Assigned task> Retype the listing exactly, with no images.

The records>
________
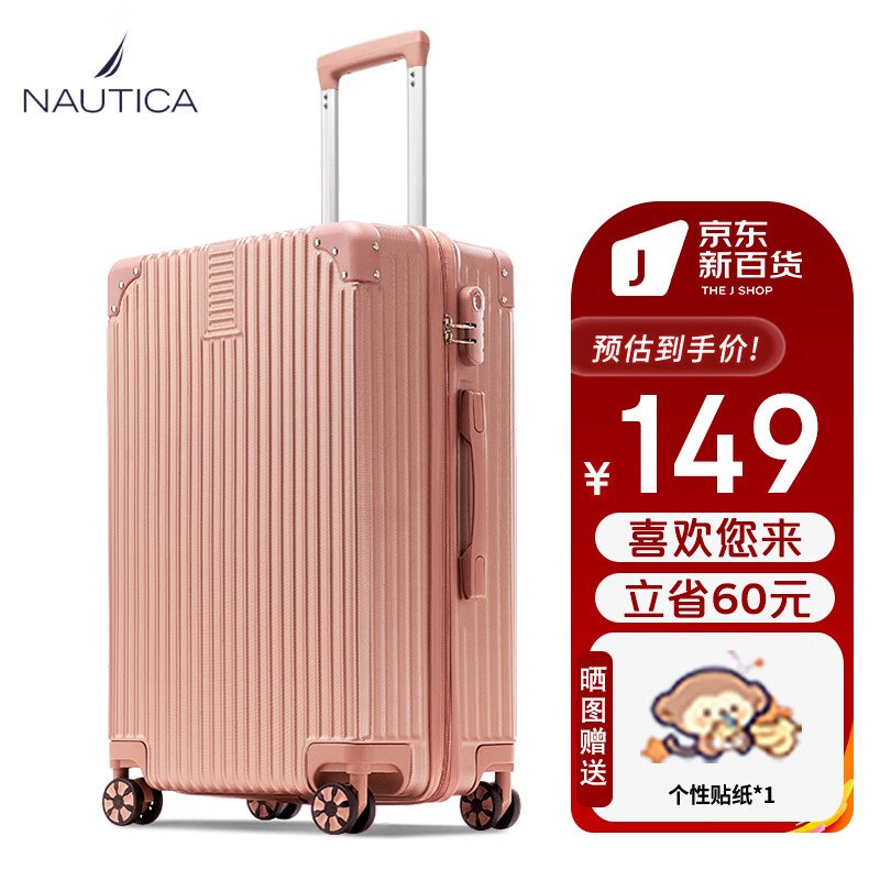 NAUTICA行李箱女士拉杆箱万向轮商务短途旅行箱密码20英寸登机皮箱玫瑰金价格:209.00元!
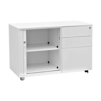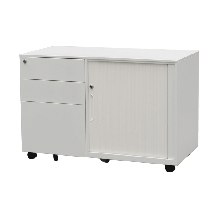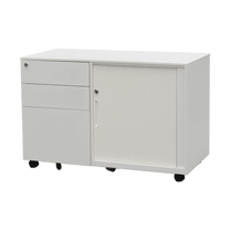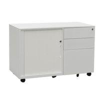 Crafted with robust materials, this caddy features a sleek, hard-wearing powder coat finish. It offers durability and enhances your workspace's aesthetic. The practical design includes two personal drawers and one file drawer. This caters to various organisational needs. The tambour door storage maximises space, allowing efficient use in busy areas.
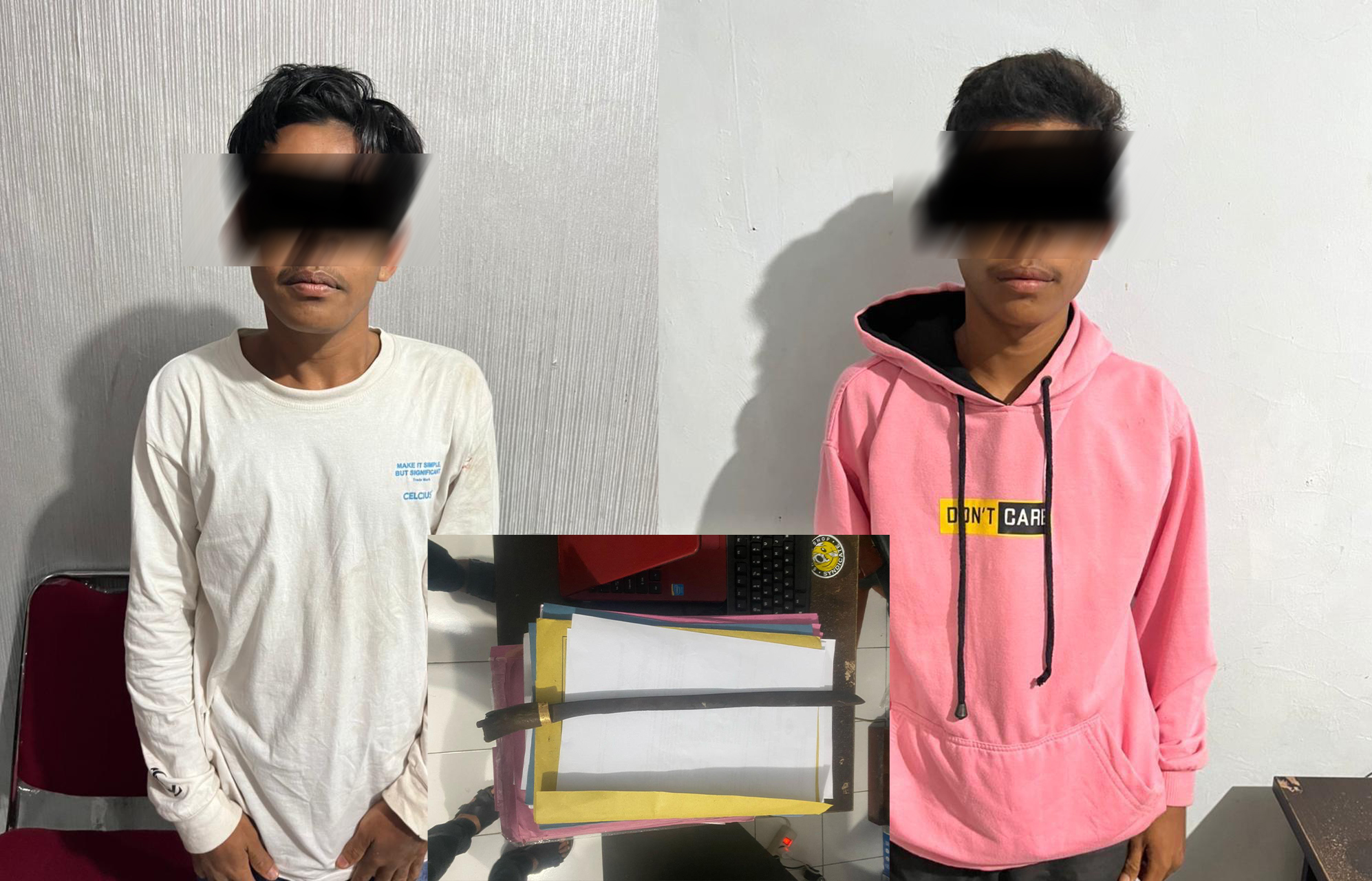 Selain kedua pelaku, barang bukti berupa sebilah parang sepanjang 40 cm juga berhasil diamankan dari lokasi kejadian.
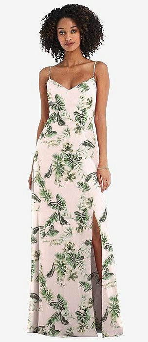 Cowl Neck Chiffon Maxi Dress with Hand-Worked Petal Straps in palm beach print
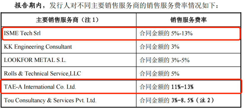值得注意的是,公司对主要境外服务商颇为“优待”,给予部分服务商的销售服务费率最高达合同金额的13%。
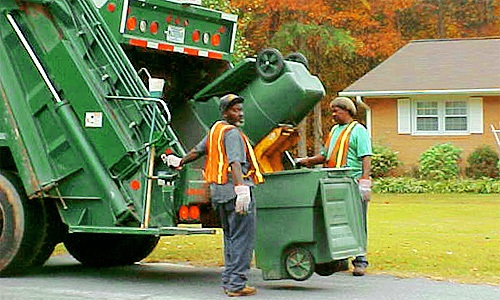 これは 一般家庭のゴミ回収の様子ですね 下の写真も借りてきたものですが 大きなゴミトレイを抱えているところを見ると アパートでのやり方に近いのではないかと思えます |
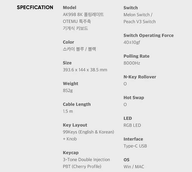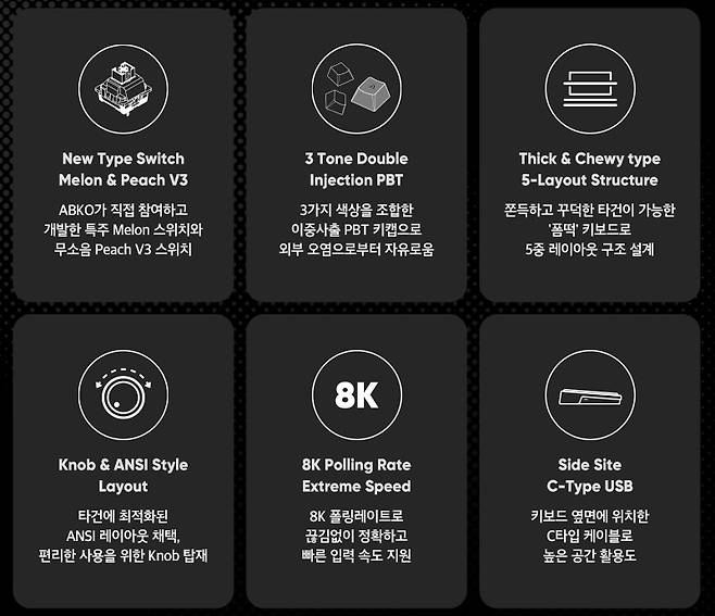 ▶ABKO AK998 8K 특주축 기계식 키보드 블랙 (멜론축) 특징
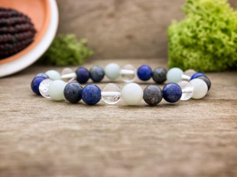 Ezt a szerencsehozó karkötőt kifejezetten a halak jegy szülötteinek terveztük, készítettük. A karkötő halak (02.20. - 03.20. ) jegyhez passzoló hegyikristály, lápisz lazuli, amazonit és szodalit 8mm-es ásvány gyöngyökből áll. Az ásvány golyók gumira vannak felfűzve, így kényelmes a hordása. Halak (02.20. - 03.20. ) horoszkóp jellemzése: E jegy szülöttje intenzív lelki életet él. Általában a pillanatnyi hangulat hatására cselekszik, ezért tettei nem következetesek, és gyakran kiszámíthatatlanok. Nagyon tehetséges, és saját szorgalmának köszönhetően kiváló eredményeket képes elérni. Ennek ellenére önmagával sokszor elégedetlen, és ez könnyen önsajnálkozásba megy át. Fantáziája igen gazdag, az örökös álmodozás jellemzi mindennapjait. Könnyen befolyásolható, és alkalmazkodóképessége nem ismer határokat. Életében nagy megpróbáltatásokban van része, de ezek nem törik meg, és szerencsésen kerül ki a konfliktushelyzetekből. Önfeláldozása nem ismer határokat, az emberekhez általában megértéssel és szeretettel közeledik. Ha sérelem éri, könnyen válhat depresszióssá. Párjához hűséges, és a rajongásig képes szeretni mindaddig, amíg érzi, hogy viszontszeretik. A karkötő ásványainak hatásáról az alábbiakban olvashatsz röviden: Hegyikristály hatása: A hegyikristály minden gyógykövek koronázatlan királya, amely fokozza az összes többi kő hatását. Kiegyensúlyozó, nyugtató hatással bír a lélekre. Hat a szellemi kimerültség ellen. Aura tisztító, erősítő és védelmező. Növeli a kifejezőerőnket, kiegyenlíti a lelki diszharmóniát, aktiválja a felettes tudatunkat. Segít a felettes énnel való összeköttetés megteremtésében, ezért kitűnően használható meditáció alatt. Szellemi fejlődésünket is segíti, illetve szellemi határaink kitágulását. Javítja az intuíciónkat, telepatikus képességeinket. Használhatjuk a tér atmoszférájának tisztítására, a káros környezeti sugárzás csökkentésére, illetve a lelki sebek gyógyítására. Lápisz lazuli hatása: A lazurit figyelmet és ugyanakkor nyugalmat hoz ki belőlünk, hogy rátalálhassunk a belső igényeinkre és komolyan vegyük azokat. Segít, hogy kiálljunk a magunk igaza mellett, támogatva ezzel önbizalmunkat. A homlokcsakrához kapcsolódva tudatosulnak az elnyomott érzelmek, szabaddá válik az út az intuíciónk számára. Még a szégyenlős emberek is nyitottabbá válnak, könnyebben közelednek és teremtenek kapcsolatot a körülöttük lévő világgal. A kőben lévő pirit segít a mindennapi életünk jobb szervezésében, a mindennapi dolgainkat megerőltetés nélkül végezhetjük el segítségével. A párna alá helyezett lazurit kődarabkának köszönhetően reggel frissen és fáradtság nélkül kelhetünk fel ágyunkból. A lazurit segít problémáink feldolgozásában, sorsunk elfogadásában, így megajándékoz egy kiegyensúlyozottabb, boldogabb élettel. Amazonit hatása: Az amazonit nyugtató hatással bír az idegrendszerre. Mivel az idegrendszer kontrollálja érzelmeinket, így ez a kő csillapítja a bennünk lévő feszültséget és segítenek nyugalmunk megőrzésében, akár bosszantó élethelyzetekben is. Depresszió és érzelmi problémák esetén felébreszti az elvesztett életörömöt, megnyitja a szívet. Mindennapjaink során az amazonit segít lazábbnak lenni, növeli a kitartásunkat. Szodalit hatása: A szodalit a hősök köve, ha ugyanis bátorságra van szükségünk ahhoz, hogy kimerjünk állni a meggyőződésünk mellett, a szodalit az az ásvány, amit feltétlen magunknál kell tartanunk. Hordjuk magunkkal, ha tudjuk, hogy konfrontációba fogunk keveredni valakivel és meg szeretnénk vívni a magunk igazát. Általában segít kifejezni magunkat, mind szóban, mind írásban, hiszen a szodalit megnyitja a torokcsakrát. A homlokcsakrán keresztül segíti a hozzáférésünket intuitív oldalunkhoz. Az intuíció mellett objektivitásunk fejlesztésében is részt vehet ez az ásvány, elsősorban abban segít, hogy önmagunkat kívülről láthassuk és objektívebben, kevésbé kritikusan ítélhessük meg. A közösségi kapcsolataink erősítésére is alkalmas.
________
Answer to this problem>
 NAUTICA行李箱女士拉杆箱万向轮商务短途旅行箱密码20英寸登机皮箱玫瑰金价格:209.00元!
 Crafted with robust materials, this caddy features a sleek, hard-wearing powder coat finish. It offers durability and enhances your workspace's aesthetic. The practical design includes two personal drawers and one file drawer. This caters to various organisational needs. The tambour door storage maximises space, allowing efficient use in busy areas.
 Selain kedua pelaku, barang bukti berupa sebilah parang sepanjang 40 cm juga berhasil diamankan dari lokasi kejadian.
 Cowl Neck Chiffon Maxi Dress with Hand-Worked Petal Straps in palm beach print
值得注意的是,公司对主要境外服务商颇为“优待”,给予部分服务商的销售服务费率最高达合同金额的13%。
 これは 一般家庭のゴミ回収の様子ですね 下の写真も借りてきたものですが 大きなゴミトレイを抱えているところを見ると アパートでのやり方に近いのではないかと思えます |
 ▶ABKO AK998 8K 특주축 기계식 키보드 블랙 (멜론축) 특징
 Ezt a szerencsehozó karkötőt kifejezetten a halak jegy szülötteinek terveztük, készítettük. A karkötő halak (02.20. - 03.20. ) jegyhez passzoló hegyikristály, lápisz lazuli, amazonit és szodalit 8mm-es ásvány gyöngyökből áll. Az ásvány golyók gumira vannak felfűzve, így kényelmes a hordása. Halak (02.20. - 03.20. ) horoszkóp jellemzése: E jegy szülöttje intenzív lelki életet él. Általában a pillanatnyi hangulat hatására cselekszik, ezért tettei nem következetesek, és gyakran kiszámíthatatlanok. Nagyon tehetséges, és saját szorgalmának köszönhetően kiváló eredményeket képes elérni. Ennek ellenére önmagával sokszor elégedetlen, és ez könnyen önsajnálkozásba megy át. Fantáziája igen gazdag, az örökös álmodozás jellemzi mindennapjait. Könnyen befolyásolható, és alkalmazkodóképessége nem ismer határokat. Életében nagy megpróbáltatásokban van része, de ezek nem törik meg, és szerencsésen kerül ki a konfliktushelyzetekből. Önfeláldozása nem ismer határokat, az emberekhez általában megértéssel és szeretettel közeledik. Ha sérelem éri, könnyen válhat depresszióssá. Párjához hűséges, és a rajongásig képes szeretni mindaddig, amíg érzi, hogy viszontszeretik. A karkötő ásványainak hatásáról az alábbiakban olvashatsz röviden: Hegyikristály hatása: A hegyikristály minden gyógykövek koronázatlan királya, amely fokozza az összes többi kő hatását. Kiegyensúlyozó, nyugtató hatással bír a lélekre. Hat a szellemi kimerültség ellen. Aura tisztító, erősítő és védelmező. Növeli a kifejezőerőnket, kiegyenlíti a lelki diszharmóniát, aktiválja a felettes tudatunkat. Segít a felettes énnel való összeköttetés megteremtésében, ezért kitűnően használható meditáció alatt. Szellemi fejlődésünket is segíti, illetve szellemi határaink kitágulását. Javítja az intuíciónkat, telepatikus képességeinket. Használhatjuk a tér atmoszférájának tisztítására, a káros környezeti sugárzás csökkentésére, illetve a lelki sebek gyógyítására. Lápisz lazuli hatása: A lazurit figyelmet és ugyanakkor nyugalmat hoz ki belőlünk, hogy rátalálhassunk a belső igényeinkre és komolyan vegyük azokat. Segít, hogy kiálljunk a magunk igaza mellett, támogatva ezzel önbizalmunkat. A homlokcsakrához kapcsolódva tudatosulnak az elnyomott érzelmek, szabaddá válik az út az intuíciónk számára. Még a szégyenlős emberek is nyitottabbá válnak, könnyebben közelednek és teremtenek kapcsolatot a körülöttük lévő világgal. A kőben lévő pirit segít a mindennapi életünk jobb szervezésében, a mindennapi dolgainkat megerőltetés nélkül végezhetjük el segítségével. A párna alá helyezett lazurit kődarabkának köszönhetően reggel frissen és fáradtság nélkül kelhetünk fel ágyunkból. A lazurit segít problémáink feldolgozásában, sorsunk elfogadásában, így megajándékoz egy kiegyensúlyozottabb, boldogabb élettel. Amazonit hatása: Az amazonit nyugtató hatással bír az idegrendszerre. Mivel az idegrendszer kontrollálja érzelmeinket, így ez a kő csillapítja a bennünk lévő feszültséget és segítenek nyugalmunk megőrzésében, akár bosszantó élethelyzetekben is. Depresszió és érzelmi problémák esetén felébreszti az elvesztett életörömöt, megnyitja a szívet. Mindennapjaink során az amazonit segít lazábbnak lenni, növeli a kitartásunkat. Szodalit hatása: A szodalit a hősök köve, ha ugyanis bátorságra van szükségünk ahhoz, hogy kimerjünk állni a meggyőződésünk mellett, a szodalit az az ásvány, amit feltétlen magunknál kell tartanunk. Hordjuk magunkkal, ha tudjuk, hogy konfrontációba fogunk keveredni valakivel és meg szeretnénk vívni a magunk igazát. Általában segít kifejezni magunkat, mind szóban, mind írásban, hiszen a szodalit megnyitja a torokcsakrát. A homlokcsakrán keresztül segíti a hozzáférésünket intuitív oldalunkhoz. Az intuíció mellett objektivitásunk fejlesztésében is részt vehet ez az ásvány, elsősorban abban segít, hogy önmagunkat kívülről láthassuk és objektívebben, kevésbé kritikusan ítélhessük meg. A közösségi kapcsolataink erősítésére is alkalmas.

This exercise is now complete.